(Beginning of Data extract)

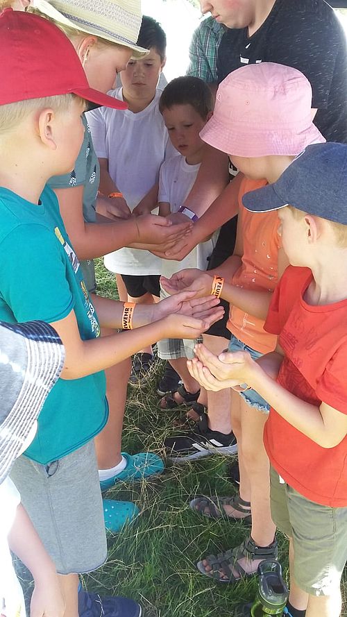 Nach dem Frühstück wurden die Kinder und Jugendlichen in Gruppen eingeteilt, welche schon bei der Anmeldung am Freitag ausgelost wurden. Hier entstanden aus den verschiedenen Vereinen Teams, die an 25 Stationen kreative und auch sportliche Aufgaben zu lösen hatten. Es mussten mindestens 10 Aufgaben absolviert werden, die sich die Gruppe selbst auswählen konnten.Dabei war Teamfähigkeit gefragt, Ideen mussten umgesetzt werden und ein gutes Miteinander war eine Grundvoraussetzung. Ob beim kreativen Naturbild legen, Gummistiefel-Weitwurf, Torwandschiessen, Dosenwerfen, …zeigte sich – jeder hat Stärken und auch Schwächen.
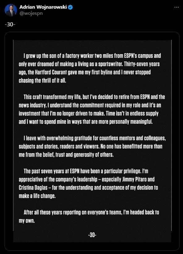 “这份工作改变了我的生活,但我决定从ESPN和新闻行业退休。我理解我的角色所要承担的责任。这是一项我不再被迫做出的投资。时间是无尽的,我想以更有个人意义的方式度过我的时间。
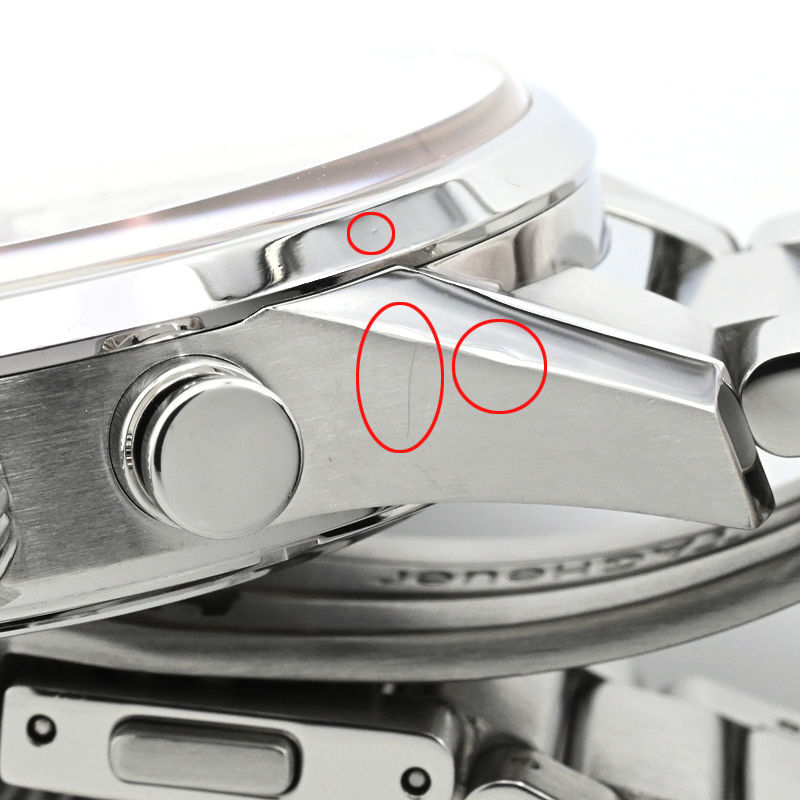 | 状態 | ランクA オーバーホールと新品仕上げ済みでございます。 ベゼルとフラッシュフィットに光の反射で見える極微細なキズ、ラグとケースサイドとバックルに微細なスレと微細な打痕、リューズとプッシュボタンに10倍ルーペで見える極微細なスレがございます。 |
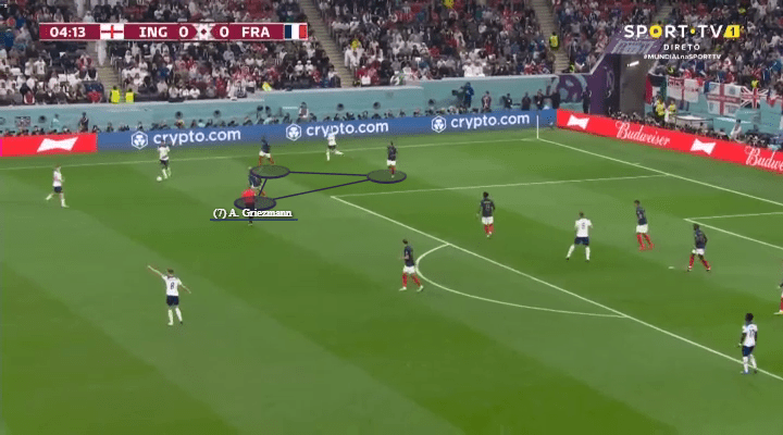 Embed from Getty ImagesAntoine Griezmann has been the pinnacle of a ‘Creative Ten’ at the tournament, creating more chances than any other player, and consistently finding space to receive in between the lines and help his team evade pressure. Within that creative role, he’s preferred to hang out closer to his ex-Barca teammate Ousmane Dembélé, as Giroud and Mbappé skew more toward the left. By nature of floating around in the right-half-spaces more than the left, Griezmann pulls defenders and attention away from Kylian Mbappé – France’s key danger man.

(End of Data extract)
(Beginning of Data extract)

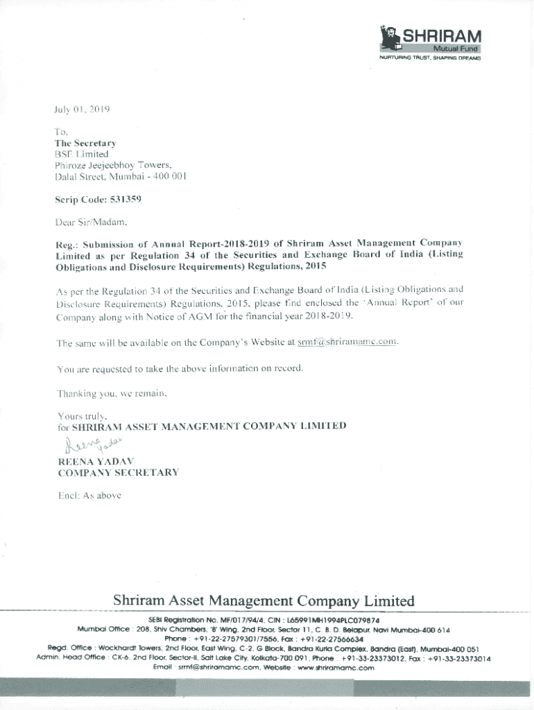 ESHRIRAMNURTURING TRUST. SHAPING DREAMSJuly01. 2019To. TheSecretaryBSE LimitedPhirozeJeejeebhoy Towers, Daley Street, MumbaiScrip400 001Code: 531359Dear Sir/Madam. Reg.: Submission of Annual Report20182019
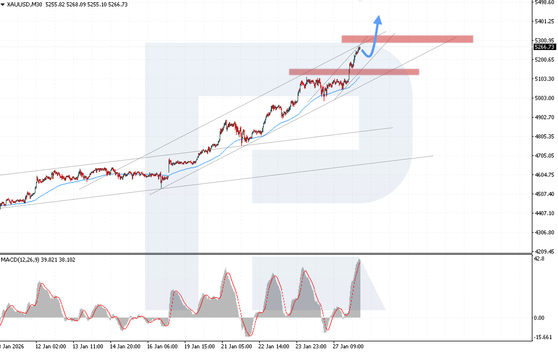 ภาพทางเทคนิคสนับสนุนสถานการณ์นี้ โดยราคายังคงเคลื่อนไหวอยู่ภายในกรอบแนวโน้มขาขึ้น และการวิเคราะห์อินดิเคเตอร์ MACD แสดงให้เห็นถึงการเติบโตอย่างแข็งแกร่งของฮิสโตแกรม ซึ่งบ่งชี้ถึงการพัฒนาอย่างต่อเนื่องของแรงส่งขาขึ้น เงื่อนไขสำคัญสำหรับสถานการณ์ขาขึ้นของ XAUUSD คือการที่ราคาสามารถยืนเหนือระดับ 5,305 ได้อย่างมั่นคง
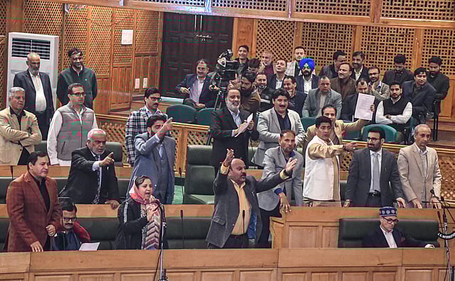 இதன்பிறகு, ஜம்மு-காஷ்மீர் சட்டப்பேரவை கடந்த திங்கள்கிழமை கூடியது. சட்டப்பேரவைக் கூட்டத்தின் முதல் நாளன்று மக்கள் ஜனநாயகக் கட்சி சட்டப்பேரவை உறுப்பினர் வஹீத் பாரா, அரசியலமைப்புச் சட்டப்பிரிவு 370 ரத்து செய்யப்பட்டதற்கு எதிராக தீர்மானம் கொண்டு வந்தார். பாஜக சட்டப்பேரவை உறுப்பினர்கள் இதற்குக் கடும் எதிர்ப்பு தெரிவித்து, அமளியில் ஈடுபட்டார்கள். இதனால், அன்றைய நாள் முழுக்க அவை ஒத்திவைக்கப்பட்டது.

(End of Data extract)

Task to complete ▸
Start with the line with "ESHRIRAMNURTURING TRUST. SHAPING" in the listing above and stop after the line with "இதன்பிறகு, ஜம்மு-காஷ்மீர் சட்டப்பேரவை". Write out exactly the lines in that stretch and no others, without pictures.

Answer section ▸
 ESHRIRAMNURTURING TRUST. SHAPING DREAMSJuly01. 2019To. TheSecretaryBSE LimitedPhirozeJeejeebhoy Towers, Daley Street, MumbaiScrip400 001Code: 531359Dear Sir/Madam. Reg.: Submission of Annual Report20182019
 ภาพทางเทคนิคสนับสนุนสถานการณ์นี้ โดยราคายังคงเคลื่อนไหวอยู่ภายในกรอบแนวโน้มขาขึ้น และการวิเคราะห์อินดิเคเตอร์ MACD แสดงให้เห็นถึงการเติบโตอย่างแข็งแกร่งของฮิสโตแกรม ซึ่งบ่งชี้ถึงการพัฒนาอย่างต่อเนื่องของแรงส่งขาขึ้น เงื่อนไขสำคัญสำหรับสถานการณ์ขาขึ้นของ XAUUSD คือการที่ราคาสามารถยืนเหนือระดับ 5,305 ได้อย่างมั่นคง
 இதன்பிறகு, ஜம்மு-காஷ்மீர் சட்டப்பேரவை கடந்த திங்கள்கிழமை கூடியது. சட்டப்பேரவைக் கூட்டத்தின் முதல் நாளன்று மக்கள் ஜனநாயகக் கட்சி சட்டப்பேரவை உறுப்பினர் வஹீத் பாரா, அரசியலமைப்புச் சட்டப்பிரிவு 370 ரத்து செய்யப்பட்டதற்கு எதிராக தீர்மானம் கொண்டு வந்தார். பாஜக சட்டப்பேரவை உறுப்பினர்கள் இதற்குக் கடும் எதிர்ப்பு தெரிவித்து, அமளியில் ஈடுபட்டார்கள். இதனால், அன்றைய நாள் முழுக்க அவை ஒத்திவைக்கப்பட்டது.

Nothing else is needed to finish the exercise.